In 2002 my wife and I spent eight weeks travelling South America. A planned highlight of the trip was a four day trek walking the Inca Trail to Machu Picchu, an ancient ruin set high in the mountains.

I trained for the walk, at least I thought I did but I was not prepared for the altitude. At its highness point on day 3 of the trek is Dead Woman’s Pass sitting at 4215 metres (13,828 ft) above sea level. For context Australia’s highest peak Mt Kosciusko is just 2,228 m (7,310 ft).

Not prepared for the affect a lack of oxygen has to the brain I struggled.

What made me feel worse was watching the team of local Sherpa pack up our nightly campsites after we had left, pop them on their backs, run passed us before lunch, setup and cook lunch, wait for us to leave, pack up again, run by us again and setup full camp for the night and prep our dinner.

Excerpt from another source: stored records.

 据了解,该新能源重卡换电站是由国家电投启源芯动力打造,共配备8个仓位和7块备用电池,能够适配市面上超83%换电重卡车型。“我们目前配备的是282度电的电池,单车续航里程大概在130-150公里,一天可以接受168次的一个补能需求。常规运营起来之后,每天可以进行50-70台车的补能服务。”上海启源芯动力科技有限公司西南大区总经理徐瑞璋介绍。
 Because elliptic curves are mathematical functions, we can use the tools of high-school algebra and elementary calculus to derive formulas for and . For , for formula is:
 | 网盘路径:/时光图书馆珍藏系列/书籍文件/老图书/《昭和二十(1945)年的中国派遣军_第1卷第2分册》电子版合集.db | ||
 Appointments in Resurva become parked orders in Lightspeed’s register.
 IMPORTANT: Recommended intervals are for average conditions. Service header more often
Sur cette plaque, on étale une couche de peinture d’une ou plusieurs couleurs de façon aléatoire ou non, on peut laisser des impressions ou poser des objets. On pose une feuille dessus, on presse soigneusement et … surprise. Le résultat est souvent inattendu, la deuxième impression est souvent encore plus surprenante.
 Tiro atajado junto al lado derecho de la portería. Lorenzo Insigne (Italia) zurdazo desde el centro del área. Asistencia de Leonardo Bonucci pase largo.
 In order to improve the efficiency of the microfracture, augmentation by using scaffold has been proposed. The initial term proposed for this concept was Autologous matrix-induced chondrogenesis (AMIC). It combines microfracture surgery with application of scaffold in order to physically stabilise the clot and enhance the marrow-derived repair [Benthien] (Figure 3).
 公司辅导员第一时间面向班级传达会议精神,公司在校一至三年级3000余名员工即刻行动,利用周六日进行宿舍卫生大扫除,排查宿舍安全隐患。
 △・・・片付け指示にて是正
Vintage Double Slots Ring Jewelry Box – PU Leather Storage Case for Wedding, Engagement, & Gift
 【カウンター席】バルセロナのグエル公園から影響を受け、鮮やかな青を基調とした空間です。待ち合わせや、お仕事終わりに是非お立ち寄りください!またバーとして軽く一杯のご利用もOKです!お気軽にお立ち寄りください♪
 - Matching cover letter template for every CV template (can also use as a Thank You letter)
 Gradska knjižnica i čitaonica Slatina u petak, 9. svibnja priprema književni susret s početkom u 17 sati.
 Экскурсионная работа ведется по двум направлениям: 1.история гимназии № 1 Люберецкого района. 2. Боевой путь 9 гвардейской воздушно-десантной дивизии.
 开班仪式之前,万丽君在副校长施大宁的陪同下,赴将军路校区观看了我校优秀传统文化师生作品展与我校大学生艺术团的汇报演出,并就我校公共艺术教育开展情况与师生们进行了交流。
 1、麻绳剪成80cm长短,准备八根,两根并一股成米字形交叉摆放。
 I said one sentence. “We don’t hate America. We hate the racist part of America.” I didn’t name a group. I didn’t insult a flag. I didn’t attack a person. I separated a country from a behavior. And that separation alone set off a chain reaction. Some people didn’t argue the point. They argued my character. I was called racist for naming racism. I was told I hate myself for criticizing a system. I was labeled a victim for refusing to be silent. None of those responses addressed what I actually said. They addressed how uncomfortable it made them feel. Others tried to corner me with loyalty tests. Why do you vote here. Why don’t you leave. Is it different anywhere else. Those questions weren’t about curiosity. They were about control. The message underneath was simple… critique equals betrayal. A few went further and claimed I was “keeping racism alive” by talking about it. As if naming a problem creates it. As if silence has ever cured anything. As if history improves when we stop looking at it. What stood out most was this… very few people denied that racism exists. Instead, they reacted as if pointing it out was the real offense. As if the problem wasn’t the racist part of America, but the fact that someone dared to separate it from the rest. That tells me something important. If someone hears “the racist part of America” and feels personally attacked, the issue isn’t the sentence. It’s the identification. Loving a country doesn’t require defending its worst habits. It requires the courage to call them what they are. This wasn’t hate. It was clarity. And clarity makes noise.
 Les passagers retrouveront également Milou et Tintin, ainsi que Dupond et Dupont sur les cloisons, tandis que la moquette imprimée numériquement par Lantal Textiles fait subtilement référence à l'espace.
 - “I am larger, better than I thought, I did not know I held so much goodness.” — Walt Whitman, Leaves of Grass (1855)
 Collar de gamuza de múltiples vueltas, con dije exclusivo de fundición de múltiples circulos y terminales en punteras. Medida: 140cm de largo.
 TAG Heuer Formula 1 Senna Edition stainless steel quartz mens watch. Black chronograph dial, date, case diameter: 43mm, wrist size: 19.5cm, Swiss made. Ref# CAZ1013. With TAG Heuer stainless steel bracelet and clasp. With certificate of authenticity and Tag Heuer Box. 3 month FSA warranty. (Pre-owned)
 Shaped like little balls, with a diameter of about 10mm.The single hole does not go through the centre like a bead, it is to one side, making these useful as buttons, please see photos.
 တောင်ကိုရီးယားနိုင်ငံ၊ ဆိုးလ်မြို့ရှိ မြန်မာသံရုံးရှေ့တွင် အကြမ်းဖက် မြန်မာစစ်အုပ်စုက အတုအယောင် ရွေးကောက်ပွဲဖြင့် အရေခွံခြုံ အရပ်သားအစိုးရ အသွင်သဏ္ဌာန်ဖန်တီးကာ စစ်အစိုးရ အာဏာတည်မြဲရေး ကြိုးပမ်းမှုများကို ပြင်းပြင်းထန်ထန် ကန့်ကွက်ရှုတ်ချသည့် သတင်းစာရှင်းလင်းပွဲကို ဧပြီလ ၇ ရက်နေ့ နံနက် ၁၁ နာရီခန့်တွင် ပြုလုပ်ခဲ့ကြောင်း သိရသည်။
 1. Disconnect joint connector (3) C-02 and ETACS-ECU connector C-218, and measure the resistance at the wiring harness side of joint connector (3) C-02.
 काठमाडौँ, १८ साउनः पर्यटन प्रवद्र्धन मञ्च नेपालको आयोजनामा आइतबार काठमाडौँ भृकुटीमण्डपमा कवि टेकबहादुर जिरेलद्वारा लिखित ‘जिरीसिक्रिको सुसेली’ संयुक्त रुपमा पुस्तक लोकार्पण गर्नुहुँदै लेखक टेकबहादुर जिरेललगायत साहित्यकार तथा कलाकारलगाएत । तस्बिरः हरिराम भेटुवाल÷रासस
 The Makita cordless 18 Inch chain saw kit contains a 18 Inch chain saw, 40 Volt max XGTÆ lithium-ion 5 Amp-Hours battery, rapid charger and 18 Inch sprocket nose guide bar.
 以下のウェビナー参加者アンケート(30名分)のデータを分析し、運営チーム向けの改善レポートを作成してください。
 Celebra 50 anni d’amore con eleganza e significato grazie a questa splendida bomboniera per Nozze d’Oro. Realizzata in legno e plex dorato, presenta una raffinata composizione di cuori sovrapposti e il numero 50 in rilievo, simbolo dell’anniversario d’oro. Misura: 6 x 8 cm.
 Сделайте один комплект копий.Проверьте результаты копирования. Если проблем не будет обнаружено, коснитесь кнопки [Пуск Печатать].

And I am talking everything from metal chairs, gas bottles, bbq’s and tents. Heavy, old fashion kit. They would jog on ahead like it was a casual afternoon stroll in the countryside. Amazing.

Even though we were at all different fitness levels, no-one was left behind. There was a guide at the front leading the way and one at the back carrying an oxygen bottle for anyone who needed it. We were a team and everyone was going to make it to the destination.

Take a look around you (including yourself) Is your team struggling up the hill, coasting up the front, or lagging behind bent over vomiting?

Each member might be at different fitness levels but as a team you must work together and adapt.

Know when to lead, when to rest and when to provide oxygen.